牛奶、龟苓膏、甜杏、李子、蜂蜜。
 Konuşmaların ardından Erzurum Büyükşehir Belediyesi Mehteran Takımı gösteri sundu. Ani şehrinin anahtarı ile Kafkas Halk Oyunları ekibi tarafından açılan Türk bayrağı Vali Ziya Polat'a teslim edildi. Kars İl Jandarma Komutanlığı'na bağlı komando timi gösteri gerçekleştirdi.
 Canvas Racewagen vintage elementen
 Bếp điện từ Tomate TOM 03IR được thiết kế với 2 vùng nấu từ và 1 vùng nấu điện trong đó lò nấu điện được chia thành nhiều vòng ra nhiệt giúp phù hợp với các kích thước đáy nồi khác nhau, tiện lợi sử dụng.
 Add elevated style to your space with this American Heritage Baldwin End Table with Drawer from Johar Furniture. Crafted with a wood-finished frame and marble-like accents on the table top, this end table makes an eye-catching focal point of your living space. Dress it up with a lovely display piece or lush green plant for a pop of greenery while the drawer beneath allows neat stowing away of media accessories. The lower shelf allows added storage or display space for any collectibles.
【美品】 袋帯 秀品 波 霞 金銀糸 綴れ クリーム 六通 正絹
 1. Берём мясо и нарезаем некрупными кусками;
==
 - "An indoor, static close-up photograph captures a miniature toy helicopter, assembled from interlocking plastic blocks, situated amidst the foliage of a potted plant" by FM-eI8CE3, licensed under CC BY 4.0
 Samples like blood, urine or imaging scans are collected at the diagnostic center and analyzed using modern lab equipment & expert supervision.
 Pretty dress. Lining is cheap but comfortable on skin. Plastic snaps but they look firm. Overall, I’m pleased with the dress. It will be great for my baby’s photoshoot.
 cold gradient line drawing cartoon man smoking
--
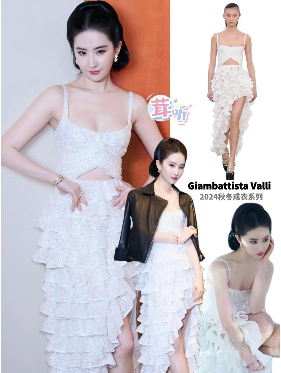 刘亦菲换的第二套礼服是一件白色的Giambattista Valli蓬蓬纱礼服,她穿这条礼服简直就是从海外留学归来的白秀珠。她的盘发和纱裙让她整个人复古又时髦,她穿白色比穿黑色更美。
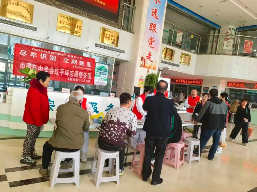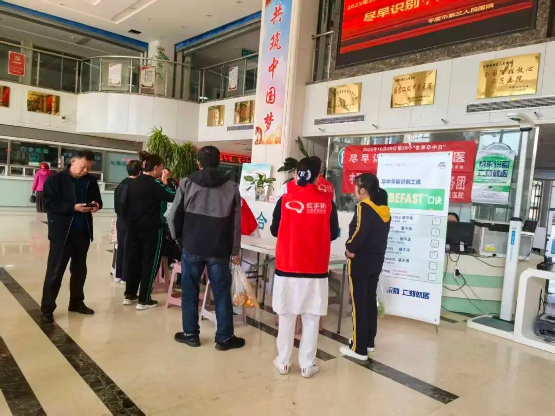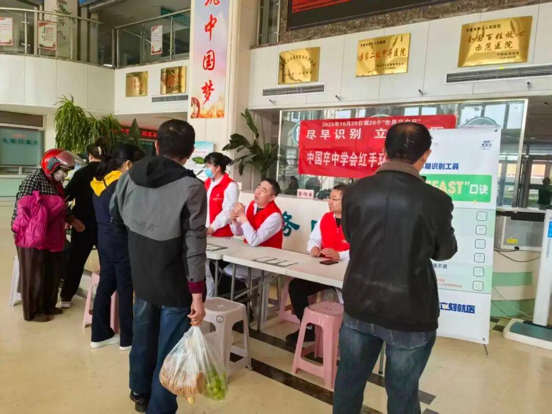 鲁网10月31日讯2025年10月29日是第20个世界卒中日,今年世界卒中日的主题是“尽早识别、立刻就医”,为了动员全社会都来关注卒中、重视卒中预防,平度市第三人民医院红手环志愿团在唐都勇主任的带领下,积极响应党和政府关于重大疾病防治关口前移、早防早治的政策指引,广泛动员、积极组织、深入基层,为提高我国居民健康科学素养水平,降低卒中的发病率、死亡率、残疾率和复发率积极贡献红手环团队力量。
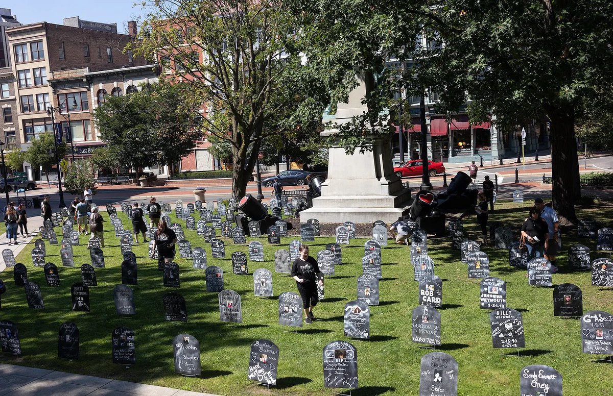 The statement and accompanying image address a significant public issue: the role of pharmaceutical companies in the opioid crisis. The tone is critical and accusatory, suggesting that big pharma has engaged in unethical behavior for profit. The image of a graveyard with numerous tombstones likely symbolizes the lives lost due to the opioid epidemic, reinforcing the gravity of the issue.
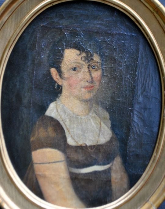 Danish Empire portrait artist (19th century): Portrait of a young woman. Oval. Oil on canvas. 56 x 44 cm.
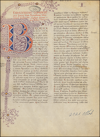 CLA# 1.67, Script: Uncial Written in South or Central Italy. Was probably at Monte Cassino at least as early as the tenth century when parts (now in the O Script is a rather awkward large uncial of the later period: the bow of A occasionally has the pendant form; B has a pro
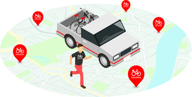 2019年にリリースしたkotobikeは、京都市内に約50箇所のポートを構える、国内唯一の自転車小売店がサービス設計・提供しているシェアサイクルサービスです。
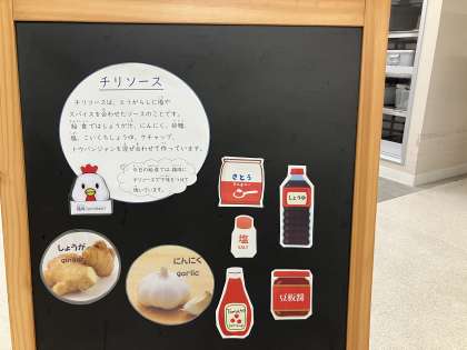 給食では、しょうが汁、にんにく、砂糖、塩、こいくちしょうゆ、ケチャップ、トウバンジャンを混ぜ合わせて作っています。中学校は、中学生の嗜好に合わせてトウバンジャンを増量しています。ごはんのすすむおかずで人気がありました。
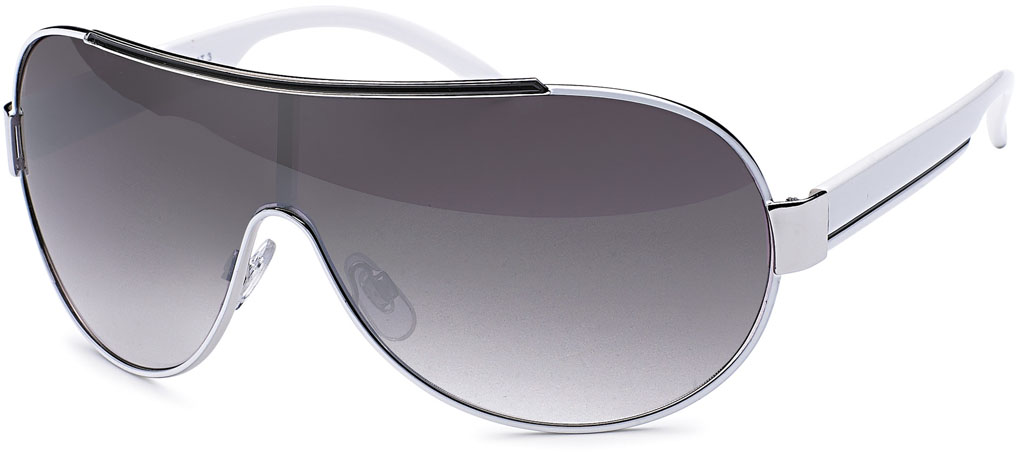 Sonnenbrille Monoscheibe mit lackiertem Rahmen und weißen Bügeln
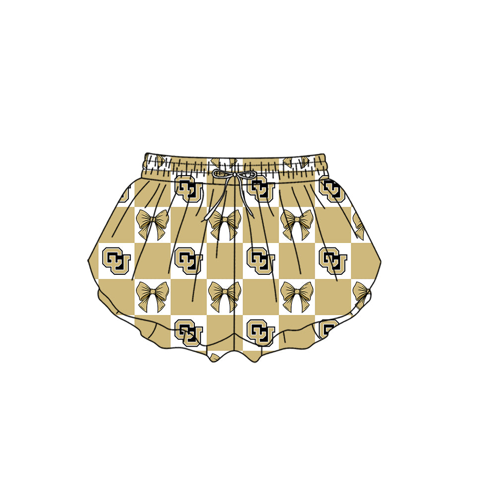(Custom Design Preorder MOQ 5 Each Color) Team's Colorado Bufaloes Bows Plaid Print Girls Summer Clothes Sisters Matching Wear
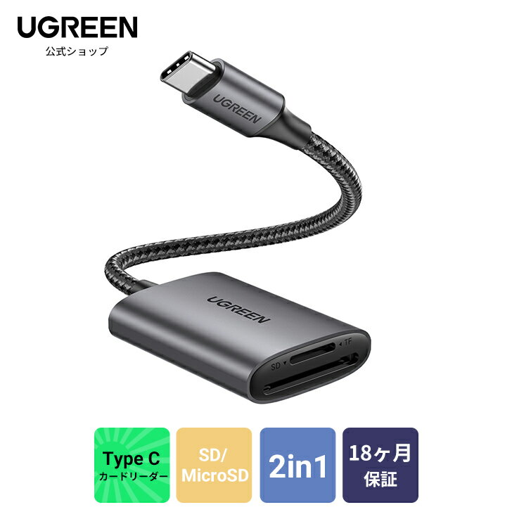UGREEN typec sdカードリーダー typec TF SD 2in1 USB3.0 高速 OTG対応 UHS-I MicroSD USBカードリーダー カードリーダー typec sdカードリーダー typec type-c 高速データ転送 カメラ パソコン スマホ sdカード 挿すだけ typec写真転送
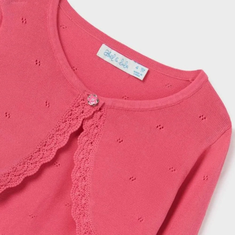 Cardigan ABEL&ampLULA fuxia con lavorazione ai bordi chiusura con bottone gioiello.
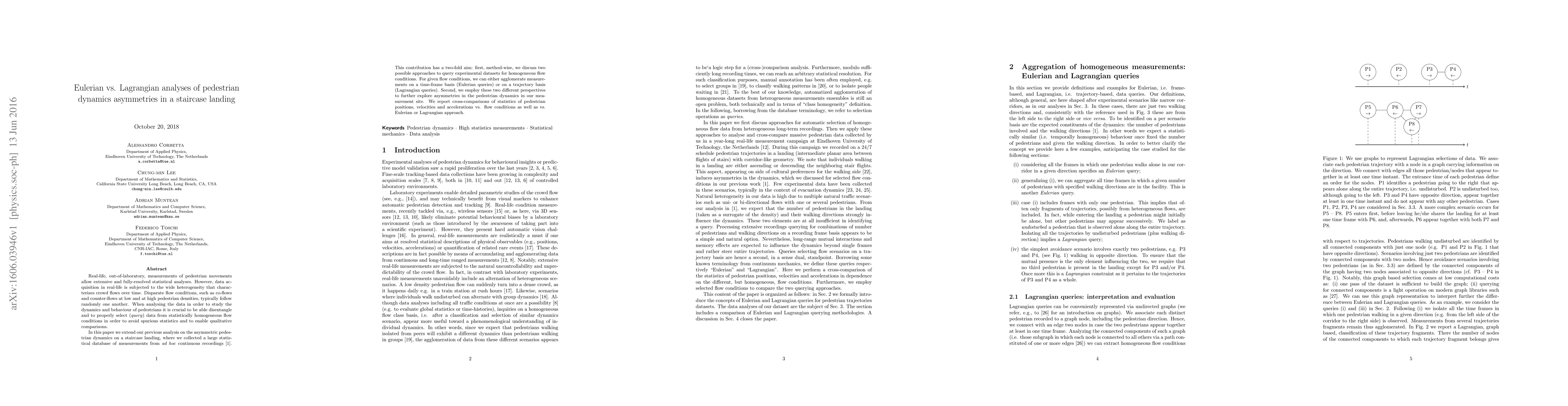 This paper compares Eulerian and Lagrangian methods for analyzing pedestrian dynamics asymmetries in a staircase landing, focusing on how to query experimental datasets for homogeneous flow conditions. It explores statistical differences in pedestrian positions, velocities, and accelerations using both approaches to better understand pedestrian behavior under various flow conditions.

### What this task involves:
Retype, exactly and in full, the lines above from the one containing "Canvas Racewagen vintage elementen" through the one containing "Bếp điện từ".

### The answer:
 Canvas Racewagen vintage elementen
 Bếp điện từ Tomate TOM 03IR được thiết kế với 2 vùng nấu từ và 1 vùng nấu điện trong đó lò nấu điện được chia thành nhiều vòng ra nhiệt giúp phù hợp với các kích thước đáy nồi khác nhau, tiện lợi sử dụng.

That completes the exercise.